Will laughed. “Right. How about I meet you at yearbook, then? It’s the classroom next door to Weir’s. By the way, you should call your dad to let him know you’re with me.”

“Hey, Will?” I asked.

“What?”

“How come I was going to drop photography?”

“Photography. Photography. Okay, I think you said it was because you thought that the big project was going to take up too much of your time. Also, you didn’t think it was right for your grade to be based on a personal story. I think you thought it left too much to chance. And…that’s it, I think.”

I could tell he was leaving something out. My dad always says to listen for the pauses when you want to know if someone’s hiding something. I asked Will if there was anything else.

“Well. I’m theorizing here. But the first two years of photography are more technical. Like which cameras to use and lighting and processing and Photoshop. But advanced is more creative, more like what your mom does, if you know what I mean. So maybe that was the problem?”

I didn’t say anything, but it sounded like truth. “I’ll see you upstairs,” I said.

The staff cheered for me when I entered the room and everyone sang “For She’s a Jolly Good Fellow” and shook my hand and patted me on the back, like I was some kind of hero. Someone held up a camera that turned out to be the camera, and said that I should have my picture taken with my old nemesis. They rounded up yet another camera, and I pretended to be having a fistfight with the camera, which made everyone laugh. I felt a little overwhelmed and maybe even touched, because it was clear how much these people really did like me, as opposed to the ones I had to eat with in the cafeteria.

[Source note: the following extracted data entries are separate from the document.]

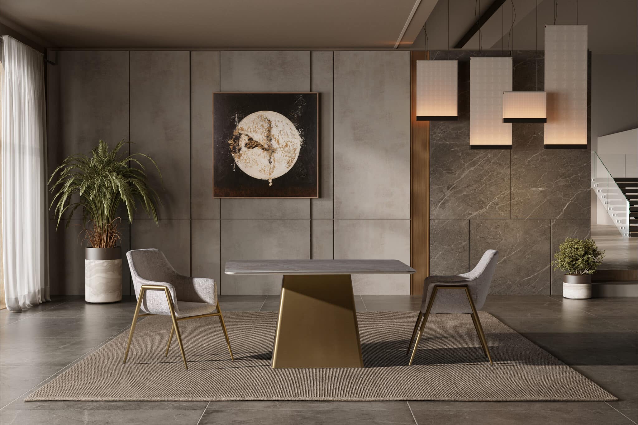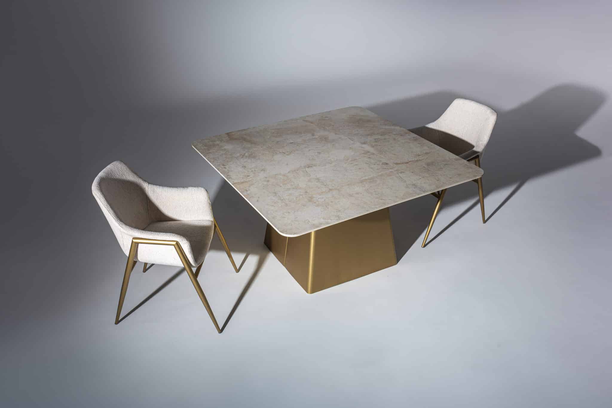 Kezdőlap Webshop Bútorok Étkezőasztal, étkezőszék Paris étkezőasztal Fém láb – Bézs kő hatású Porcelán asztallappal 140 cm
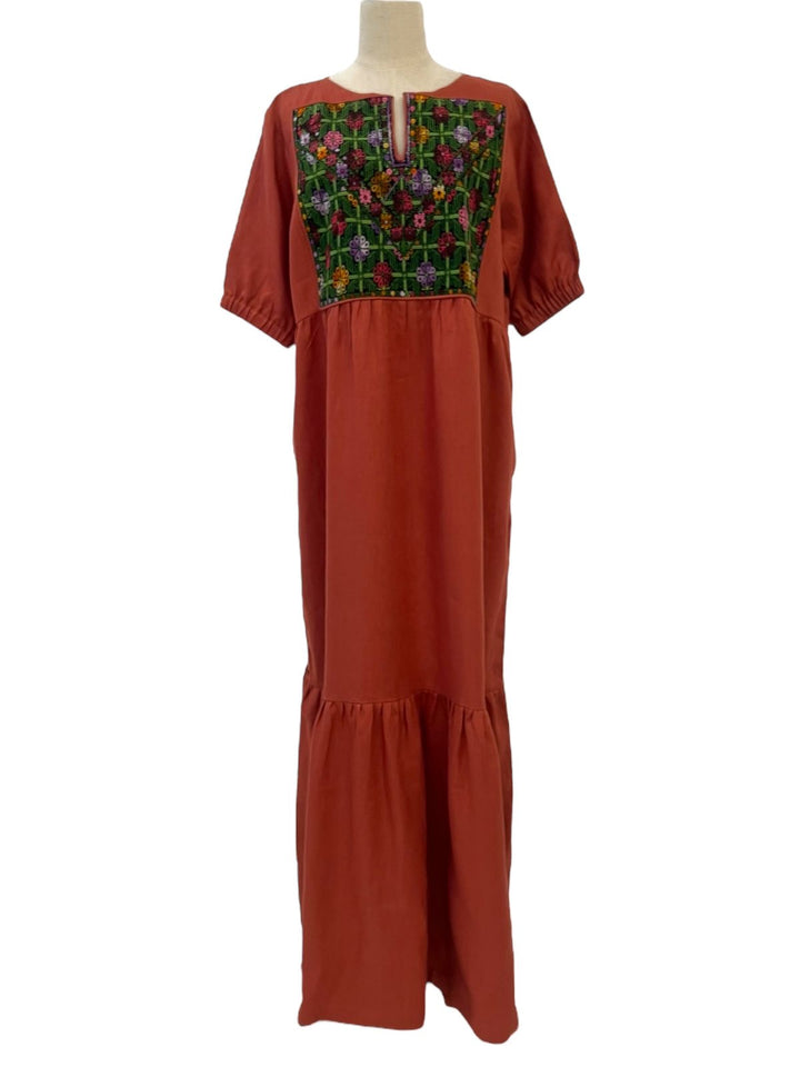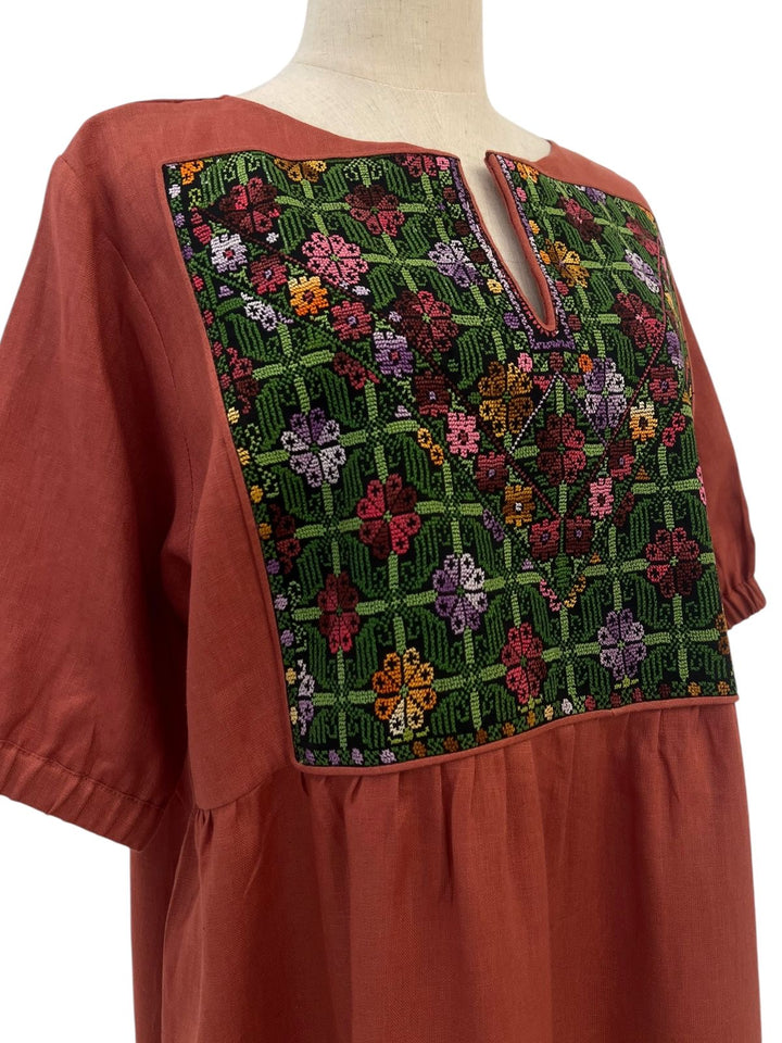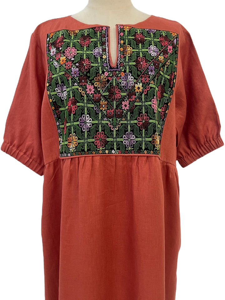 A lightweight linen dress with handmade old Palestinian Embroidery Chest panel pre 1970s.  Free Size Long Sleeve
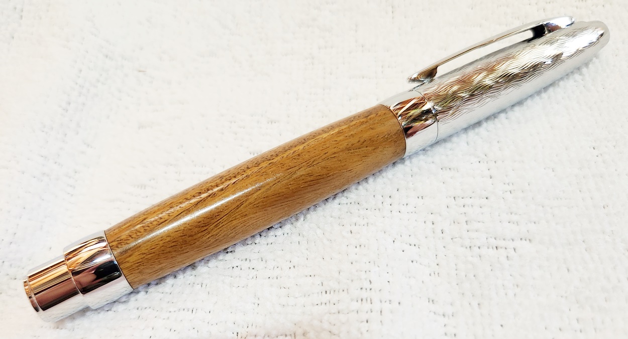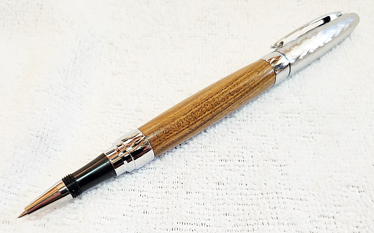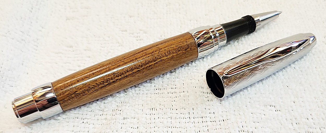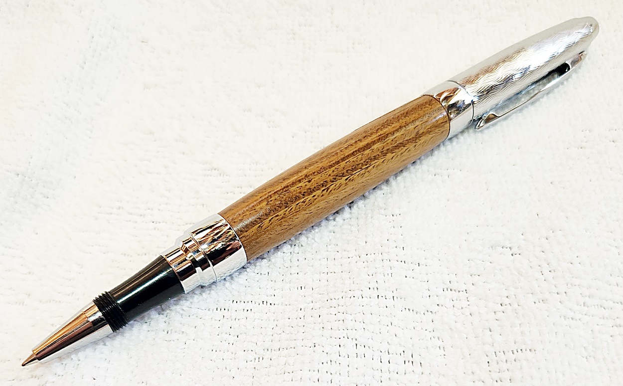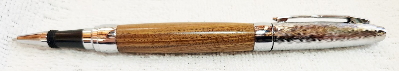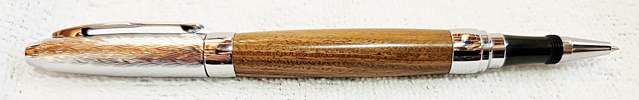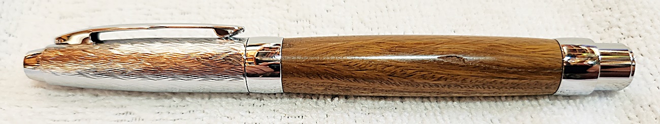 This is a Presimo screw cap rollerball in etched chrome from PSI. The wood is Lignum Vitae from Woodcraft. the finish is Pens Plus.
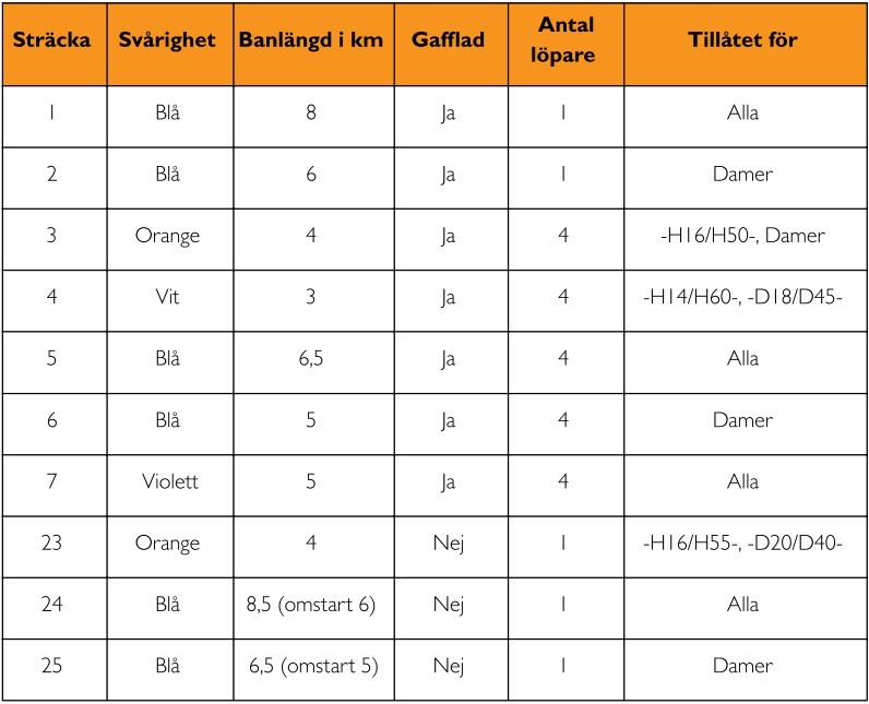 Här nedan finns en bild från inbjudan som visar längder, svårighetsgrader och vilka sträckan är tillåten för.
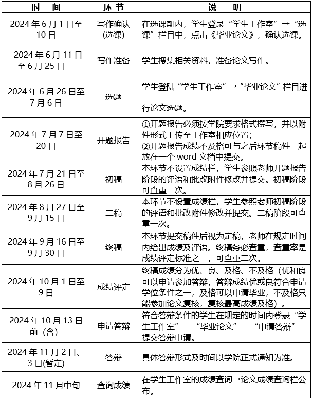 2.2024年春季学期已进行论文选题且未完成写作的同学,请在2024秋季论文写作期继续完成写作。
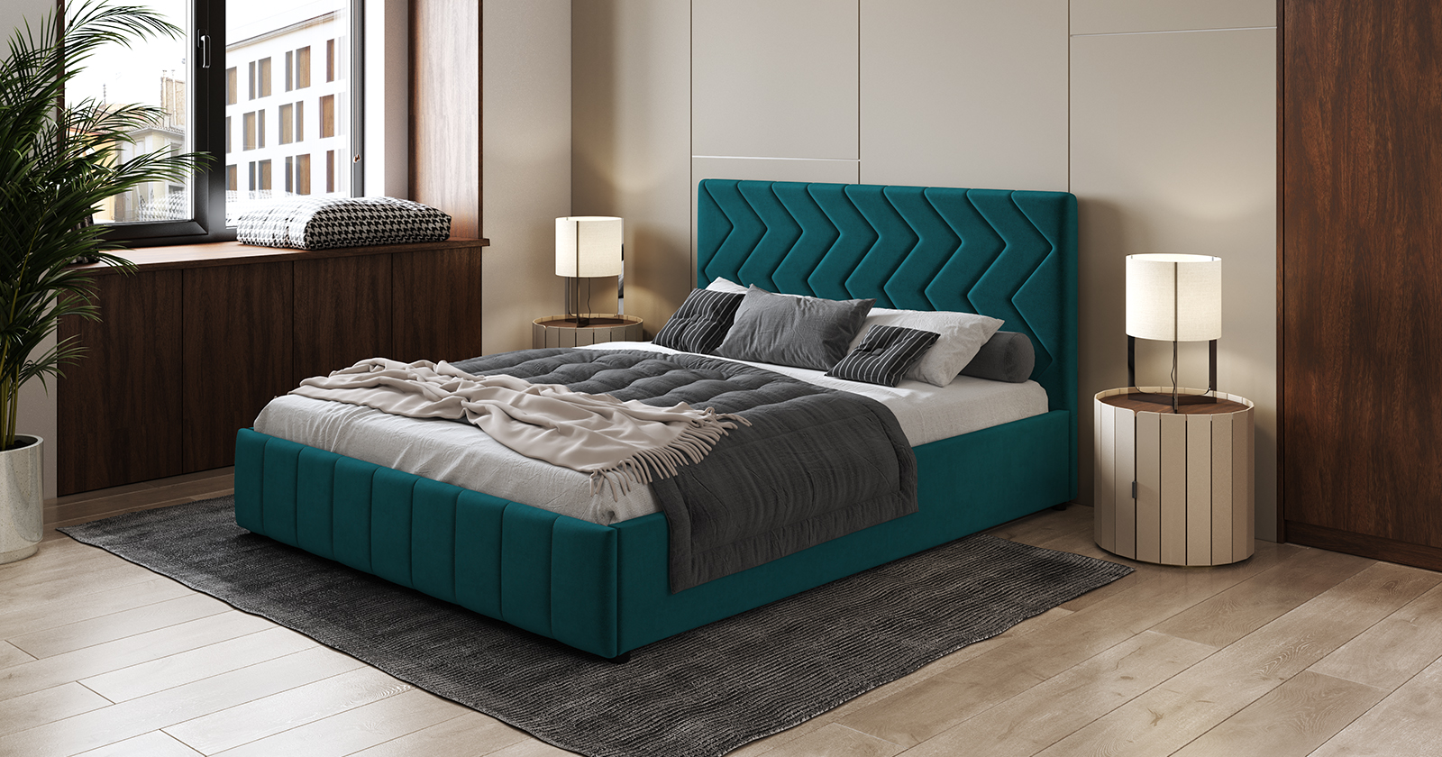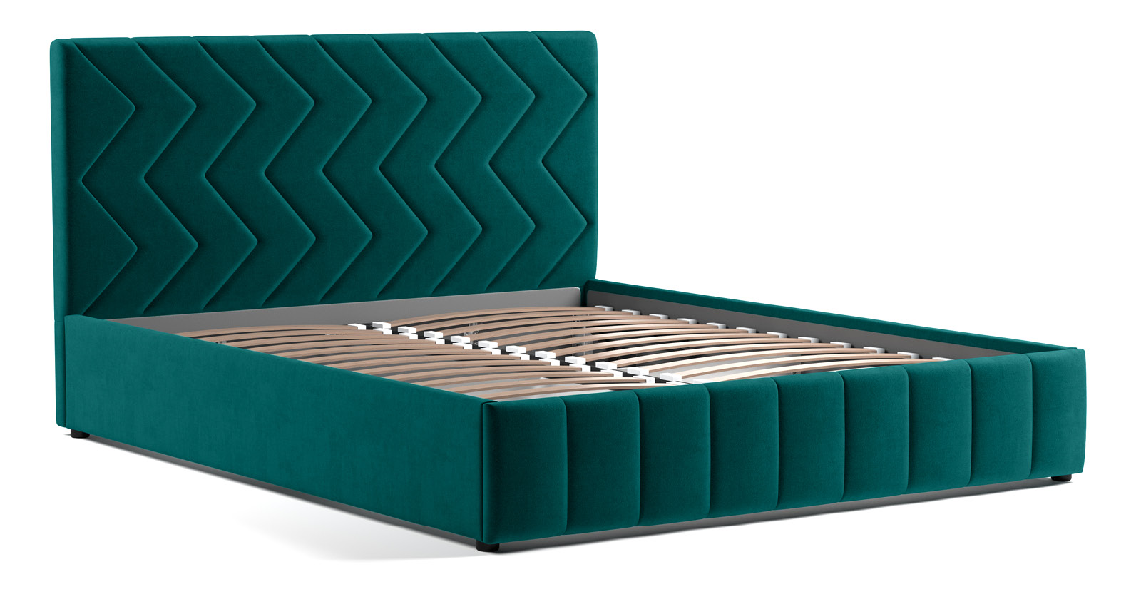 Кровать Милана 160 велюр сине-зеленый с ортопедическим основанием и подъемным механизмом

All that was wonderful, until I started to realize what the actual business of yearbook entailed. It amounted to a succession of group photos, selling advertisements, and going to conferences about (you guessed it) yearbooks. All this required an endless series of meetings and debates. I wondered why in the world it could possibly take so much time, money, and effort to slap two hard covers around a stack of photographs.

The meeting lasted until around seven o’clock at night. There were photos to approve and copy to edit and schedules to arrange. On the way out, I asked Will how many times yearbook met each week. He laughed and said, “You’re joking, right? We meet every day. Some weekends, too.”

I did the math. That amounted to twenty (plus) hours a week of yearbook.

Seven hundred and twenty hours a school year—not including weekends or yearbook conferences.

Any way you looked at it: a hell of a lot of time.

I hoped that I would get my memory back, so that I would remember what I had liked about yearbook in the first place. I didn’t want to let all these nice people down.